Isles' own 'patchwork heritage' shaped Obama
By Derrick DePledge
Advertiser Government Writer
President Obama yesterday celebrated the nation's diversity as a strength, not a weakness, a belief influenced by his experiences growing up in Hawai'i.
Obama, the son of an African father from Kenya and a white mother from Kansas, was raised by his white grandparents in Makiki and learned some of his first lessons about race and social class at the exclusive and mostly white and Asian Punahou School.
Obama has written and spoken of the pain and awkwardness of his teenage years, but also about how Hawai'i has shown that people from different racial and ethnic backgrounds can live together.
"For we know that our patchwork heritage is a strength, not a weakness. We are a nation of Christians and Muslims, Jews and Hindus, and non-believers," Obama said in his inaugural address outside the U.S. Capitol.
"We are shaped by every language and culture, drawn from every end of this earth, and because we have tasted the bitter swill of civil war and segregation, and emerged from that dark chapter stronger and more united, we cannot help but believe that the old hatreds shall someday pass, that the lines of tribes shall soon dissolve, that as the world grows smaller our common humanity shall reveal itself, and that America must play its role in ushering in a new era of peace."
In the Islands yesterday, many people awoke early and gathered around television sets to watch Obama become the first African-American and the first person from Hawai'i sworn in as president.
While the historic moment was shared with the nation, many in Hawai'i have an intense local pride in Obama's achievement.

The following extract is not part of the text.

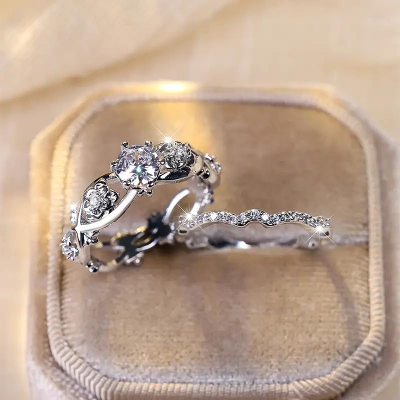 2 Pcs Rose Flower Ring Set for Women, Elegant Silver Tone Stacking Rings, Fashionable Dainty Luxury Band Set(Silver,7)

His election is a reminder that anything is possible, that race or class or being born and raised in the middle of the Pacific are not barriers.
"I was particularly interested in the way he contextualized his own experience, in terms of his historical presence but also the way forward for the United States," said Elisa Joy White, an assistant professor of ethnic studies at the University of Hawai'i-Manoa. "So there was a sense of not forgetting the significance of his being the first African-American president while simultaneously seeing a way for us to start to, if anything, reorganize the way that we see race in our society and the way we engage with people who are different from us globally."
White taught a class yesterday in the African-American experience where she discussed the nation's shameful history of lynchings. She said her students, about half of whom grew up in Hawai'i, are conscious of race but not always of racism.
"I often have to help students understand that the space of Hawai'i, and the way Hawai'i experiences multiethnicity and racial discourse, is very different from the larger context of the United States," she said.
Florence Kong Kee, the former political director of the Democratic Party of Hawai'i, was a year behind Obama at Punahou. She believes his reference to the strength of the nation's "patchwork heritage" grew out of his time in the Islands.
"It was so beautiful," she said of the inaugural address. "It was so beautiful and moving."
Lono Lyman, who lives in Makiki and was on the platform committee at the Democratic National Convention, said Obama's victory is still unbelievable to him. "There's still a sense of disbelief that someone from Hawai'i and someone who is African-American was elected president," he said.
With the nation in an economic recession, and all the expectations for change, Obama will have to move quickly from the glow of the inaugural to the hard work ahead. "His life has changed so much and, in a way, we who have supported him are very mindful of the weight on his shoulders," Lyman said.
State Rep. Jessica Wooley, D-47th (La'ie, Hau'ula, Punalu'u), said Obama articulated hope for a new era in politics and government. Obama spoke of the need "to proclaim an end to the petty grievances and false promises, the recriminations and worn-out dogmas that for far too long have strangled our politics."
We need "people working together and being positive rather than fighting each other and being negative," Wooley said. We need to focus on community service and on people helping people, rather than people being greedy, she said. "Success for us, for a long time, has been on how much money you make, and CEOs of big businesses and large corporations, they have been making record profits, and working families and the poor have been suffering.
"And I think that this is a new era, to say 'We're all in this together.' "
Kallie Keith-Agaran, a research consultant who lives in Wailuku and who campaigned for Obama on the Mainland, had a Champagne breakfast with friends yesterday morning. She said it has only sunk in during the past few days that Obama would be president.
"The speech was amazing. It was absolutely everything we needed and, to me, it was about who we are as people," she said. "I cried."
Obama, describing the inaugural as a moment that could define a generation, spoke of the quiet force of progress throughout the nation's history. He talked of responsibility and the price and promise of citizenship. He also made reference, without saying his name, to the challenges of Barack Obama Sr., the father he barely knew.
"This is the meaning of our liberty and our creed, why men and women and children of every race and every faith can join in celebration across this magnificent Mall," Obama said, "and why a man whose father less than 60 years ago might not have been served at a local restaurant, can now stand before you to take a most sacred oath."